● The task
Line by line, output the material without altering anything.

● Material provided
——————————
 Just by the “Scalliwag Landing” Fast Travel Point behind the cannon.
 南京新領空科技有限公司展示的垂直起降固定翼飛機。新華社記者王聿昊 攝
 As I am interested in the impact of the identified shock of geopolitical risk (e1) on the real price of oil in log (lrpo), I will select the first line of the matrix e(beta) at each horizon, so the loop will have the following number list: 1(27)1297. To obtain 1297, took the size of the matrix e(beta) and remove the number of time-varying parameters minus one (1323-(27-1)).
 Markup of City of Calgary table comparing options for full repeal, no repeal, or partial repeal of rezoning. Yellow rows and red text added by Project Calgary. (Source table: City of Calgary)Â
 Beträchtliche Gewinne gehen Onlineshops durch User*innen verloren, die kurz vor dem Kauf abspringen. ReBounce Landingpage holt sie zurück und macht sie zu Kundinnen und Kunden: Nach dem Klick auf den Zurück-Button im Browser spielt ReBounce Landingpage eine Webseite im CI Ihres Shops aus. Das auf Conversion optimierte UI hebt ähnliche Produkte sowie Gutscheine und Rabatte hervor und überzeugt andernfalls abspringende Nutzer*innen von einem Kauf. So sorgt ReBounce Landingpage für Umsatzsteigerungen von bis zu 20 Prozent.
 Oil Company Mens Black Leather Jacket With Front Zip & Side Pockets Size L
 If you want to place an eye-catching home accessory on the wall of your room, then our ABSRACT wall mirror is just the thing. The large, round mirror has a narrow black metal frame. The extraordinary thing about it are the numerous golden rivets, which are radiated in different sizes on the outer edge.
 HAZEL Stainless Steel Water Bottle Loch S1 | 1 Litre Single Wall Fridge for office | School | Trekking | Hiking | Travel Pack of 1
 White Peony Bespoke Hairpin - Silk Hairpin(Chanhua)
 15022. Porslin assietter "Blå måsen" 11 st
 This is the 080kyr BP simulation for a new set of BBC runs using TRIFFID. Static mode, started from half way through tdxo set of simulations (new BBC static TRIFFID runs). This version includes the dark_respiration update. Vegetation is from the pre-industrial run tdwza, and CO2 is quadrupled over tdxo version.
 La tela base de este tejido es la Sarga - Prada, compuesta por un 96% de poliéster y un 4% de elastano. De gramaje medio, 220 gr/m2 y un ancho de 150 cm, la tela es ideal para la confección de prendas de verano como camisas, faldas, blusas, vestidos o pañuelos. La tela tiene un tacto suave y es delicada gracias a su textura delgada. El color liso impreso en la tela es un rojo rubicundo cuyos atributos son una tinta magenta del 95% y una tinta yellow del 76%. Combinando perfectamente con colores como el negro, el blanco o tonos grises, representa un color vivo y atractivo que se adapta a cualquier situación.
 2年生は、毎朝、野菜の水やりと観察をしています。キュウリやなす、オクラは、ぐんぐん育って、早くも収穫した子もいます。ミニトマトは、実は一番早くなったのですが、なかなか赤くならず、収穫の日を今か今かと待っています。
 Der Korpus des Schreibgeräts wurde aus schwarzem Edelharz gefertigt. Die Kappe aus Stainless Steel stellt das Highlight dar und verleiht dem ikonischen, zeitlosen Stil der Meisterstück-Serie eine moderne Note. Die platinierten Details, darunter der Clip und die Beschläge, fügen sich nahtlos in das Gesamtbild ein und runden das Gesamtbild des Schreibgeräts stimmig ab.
——————————
● Exercise response
 Just by the “Scalliwag Landing” Fast Travel Point behind the cannon.
 南京新領空科技有限公司展示的垂直起降固定翼飛機。新華社記者王聿昊 攝
 As I am interested in the impact of the identified shock of geopolitical risk (e1) on the real price of oil in log (lrpo), I will select the first line of the matrix e(beta) at each horizon, so the loop will have the following number list: 1(27)1297. To obtain 1297, took the size of the matrix e(beta) and remove the number of time-varying parameters minus one (1323-(27-1)).
 Markup of City of Calgary table comparing options for full repeal, no repeal, or partial repeal of rezoning. Yellow rows and red text added by Project Calgary. (Source table: City of Calgary)Â
 Beträchtliche Gewinne gehen Onlineshops durch User*innen verloren, die kurz vor dem Kauf abspringen. ReBounce Landingpage holt sie zurück und macht sie zu Kundinnen und Kunden: Nach dem Klick auf den Zurück-Button im Browser spielt ReBounce Landingpage eine Webseite im CI Ihres Shops aus. Das auf Conversion optimierte UI hebt ähnliche Produkte sowie Gutscheine und Rabatte hervor und überzeugt andernfalls abspringende Nutzer*innen von einem Kauf. So sorgt ReBounce Landingpage für Umsatzsteigerungen von bis zu 20 Prozent.
 Oil Company Mens Black Leather Jacket With Front Zip & Side Pockets Size L
 If you want to place an eye-catching home accessory on the wall of your room, then our ABSRACT wall mirror is just the thing. The large, round mirror has a narrow black metal frame. The extraordinary thing about it are the numerous golden rivets, which are radiated in different sizes on the outer edge.
 HAZEL Stainless Steel Water Bottle Loch S1 | 1 Litre Single Wall Fridge for office | School | Trekking | Hiking | Travel Pack of 1
 White Peony Bespoke Hairpin - Silk Hairpin(Chanhua)
 15022. Porslin assietter "Blå måsen" 11 st
 This is the 080kyr BP simulation for a new set of BBC runs using TRIFFID. Static mode, started from half way through tdxo set of simulations (new BBC static TRIFFID runs). This version includes the dark_respiration update. Vegetation is from the pre-industrial run tdwza, and CO2 is quadrupled over tdxo version.
 La tela base de este tejido es la Sarga - Prada, compuesta por un 96% de poliéster y un 4% de elastano. De gramaje medio, 220 gr/m2 y un ancho de 150 cm, la tela es ideal para la confección de prendas de verano como camisas, faldas, blusas, vestidos o pañuelos. La tela tiene un tacto suave y es delicada gracias a su textura delgada. El color liso impreso en la tela es un rojo rubicundo cuyos atributos son una tinta magenta del 95% y una tinta yellow del 76%. Combinando perfectamente con colores como el negro, el blanco o tonos grises, representa un color vivo y atractivo que se adapta a cualquier situación.
 2年生は、毎朝、野菜の水やりと観察をしています。キュウリやなす、オクラは、ぐんぐん育って、早くも収穫した子もいます。ミニトマトは、実は一番早くなったのですが、なかなか赤くならず、収穫の日を今か今かと待っています。
 Der Korpus des Schreibgeräts wurde aus schwarzem Edelharz gefertigt. Die Kappe aus Stainless Steel stellt das Highlight dar und verleiht dem ikonischen, zeitlosen Stil der Meisterstück-Serie eine moderne Note. Die platinierten Details, darunter der Clip und die Beschläge, fügen sich nahtlos in das Gesamtbild ein und runden das Gesamtbild des Schreibgeräts stimmig ab.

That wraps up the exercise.